World Bank urges Pakistan to tax real estate and agriculture sectors

WEB DESK: In a recent development, the World Bank has advised Pakistan to implement crucial tax reforms, highlighting the need to tax the agricultural and real estate sectors.

The recommendation includes merging the income thresholds for salaried and non-salaried individuals to establish a progressive Personal Income Tax (PIT) system.

According to the World Bank, effectively enforcing taxes on agricultural income and properties could significantly contribute to Pakistan’s revenue collection, potentially amounting to 3% of the GDP annually, equivalent to slightly over Rs3 trillion.

The institution has proposed aligning the income tax structure for both salaried and non-salaried individuals to ensure progressivity. The current exemptions, which allow an annual threshold of Rs600,000 for salaried income and Rs400,000 for non-salaried income, are set to be reconsidered.

Tobias Haque, the World Bank’s lead economist in Pakistan, emphasised the necessity of simplifying the income tax system and introducing these changes gradually. He stressed that the burden of these reforms should be placed on higher-income brackets, thereby protecting the poor during this transition.
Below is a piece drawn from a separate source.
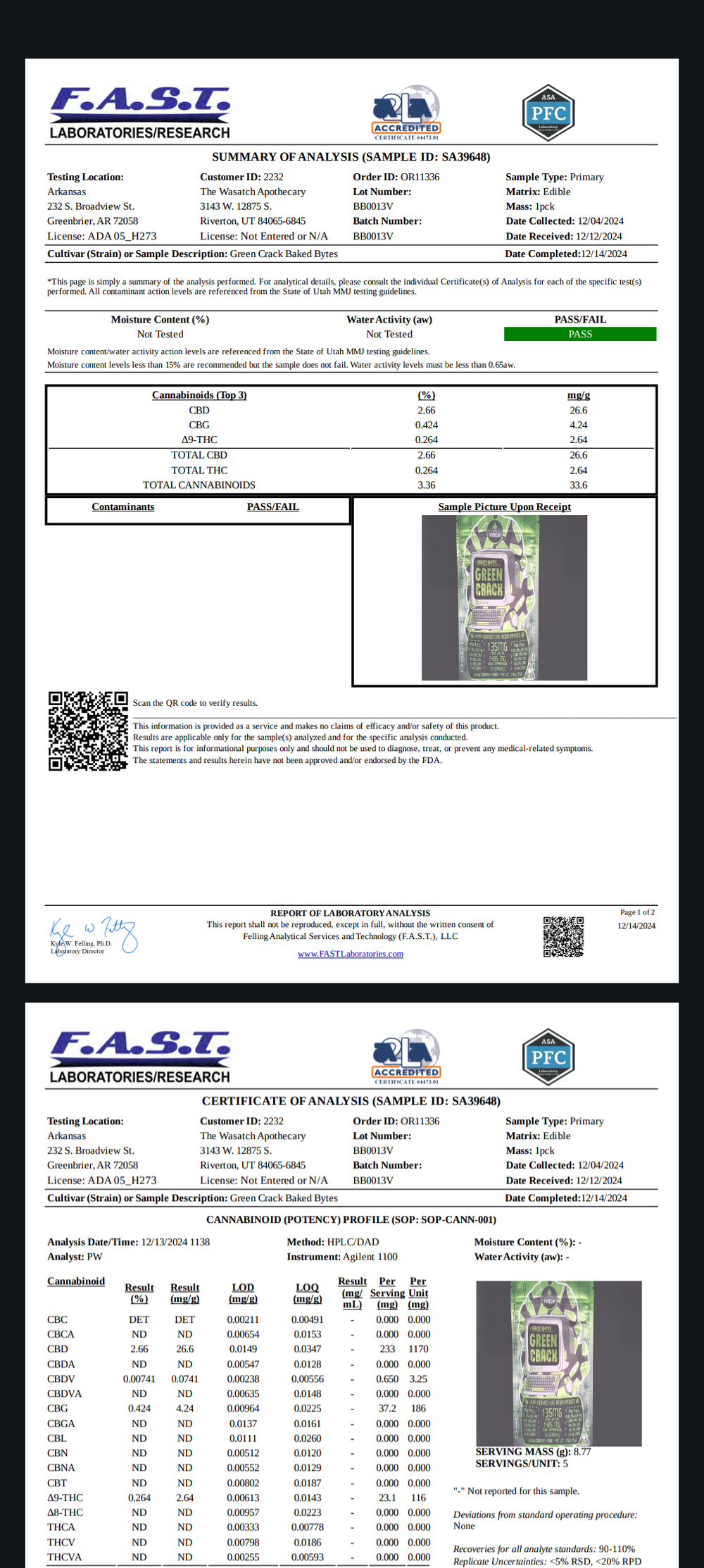 Green Crack Baked Bytes Certificate of Analysis Hemp Derived Cannabis Gummy Edibles 10:1 Formulation Strain: Sativa Dominant Hybrid

Haque also highlighted the importance of a comprehensive tax package and expenditure reforms to address Pakistan’s unsustainable fiscal deficits.

Additionally, the World Bank is awaiting approval from its Executive Board to allocate $350 million for Pakistan under RISE-II. However, the date for the board meeting has not been confirmed yet.

The proposed reforms, according to Haque, should encompass cutting down on subsidy expenditure, eliminating regressive tax exemptions, and enhancing taxation on high-income earners.

Read more: Economists predict only 2.4% GDP growth for Pakistan in FY24

This includes improving the taxation mechanisms for the agriculture, property, and retail sectors. The objective is to increase the progressivity of the taxation system without adversely affecting low-income individuals.

According to The News, Haque clarified that the World Bank does not recommend lowering the current nominal threshold of Rs50,000 in monthly income for salaried workers.

Instead, the focus remains on simplifying the income tax structure and ensuring progressivity while safeguarding the interests of the economically vulnerable sections of society.

This recommendation comes at a critical juncture for Pakistan as the nation grapples with an unsustainable fiscal deficit.

The proposed reforms, if implemented effectively, could pave the way for a more stable economic future, balancing the burden of taxation and ensuring social protection for those in need.